* TASK REQUIREMENTS
Which lines in the records below hold the word "that"? Copy each of them.

INPUT MATERIAL below:

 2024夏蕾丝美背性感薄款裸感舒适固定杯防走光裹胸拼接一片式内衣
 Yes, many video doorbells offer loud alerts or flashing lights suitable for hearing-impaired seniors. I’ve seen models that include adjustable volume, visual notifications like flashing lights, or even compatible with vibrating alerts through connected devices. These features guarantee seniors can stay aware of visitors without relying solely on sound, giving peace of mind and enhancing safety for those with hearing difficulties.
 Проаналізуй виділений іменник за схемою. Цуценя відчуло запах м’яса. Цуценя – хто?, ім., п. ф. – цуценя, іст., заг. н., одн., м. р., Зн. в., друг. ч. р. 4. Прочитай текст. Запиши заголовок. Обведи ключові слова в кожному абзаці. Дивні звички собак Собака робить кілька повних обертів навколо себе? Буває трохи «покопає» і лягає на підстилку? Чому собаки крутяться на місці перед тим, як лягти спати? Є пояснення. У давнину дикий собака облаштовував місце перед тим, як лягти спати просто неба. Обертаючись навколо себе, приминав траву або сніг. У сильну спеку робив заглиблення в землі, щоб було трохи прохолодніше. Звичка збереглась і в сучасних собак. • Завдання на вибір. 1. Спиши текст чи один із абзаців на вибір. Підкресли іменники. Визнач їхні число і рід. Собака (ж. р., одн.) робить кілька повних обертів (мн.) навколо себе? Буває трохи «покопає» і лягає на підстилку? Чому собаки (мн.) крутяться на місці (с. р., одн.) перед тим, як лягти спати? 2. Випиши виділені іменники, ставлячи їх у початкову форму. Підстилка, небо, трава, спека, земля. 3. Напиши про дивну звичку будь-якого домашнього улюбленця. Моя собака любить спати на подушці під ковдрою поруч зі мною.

End of INPUT MATERIAL.
INPUT MATERIAL below:

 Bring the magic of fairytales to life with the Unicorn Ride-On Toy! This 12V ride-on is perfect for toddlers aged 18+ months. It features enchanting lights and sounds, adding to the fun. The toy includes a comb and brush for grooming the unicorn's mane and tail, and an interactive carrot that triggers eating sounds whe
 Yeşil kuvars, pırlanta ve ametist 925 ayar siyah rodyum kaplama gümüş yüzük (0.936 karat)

End of INPUT MATERIAL.

* YOUR SOLUTION
 Yes, many video doorbells offer loud alerts or flashing lights suitable for hearing-impaired seniors. I’ve seen models that include adjustable volume, visual notifications like flashing lights, or even compatible with vibrating alerts through connected devices. These features guarantee seniors can stay aware of visitors without relying solely on sound, giving peace of mind and enhancing safety for those with hearing difficulties.
 Bring the magic of fairytales to life with the Unicorn Ride-On Toy! This 12V ride-on is perfect for toddlers aged 18+ months. It features enchanting lights and sounds, adding to the fun. The toy includes a comb and brush for grooming the unicorn's mane and tail, and an interactive carrot that triggers eating sounds whe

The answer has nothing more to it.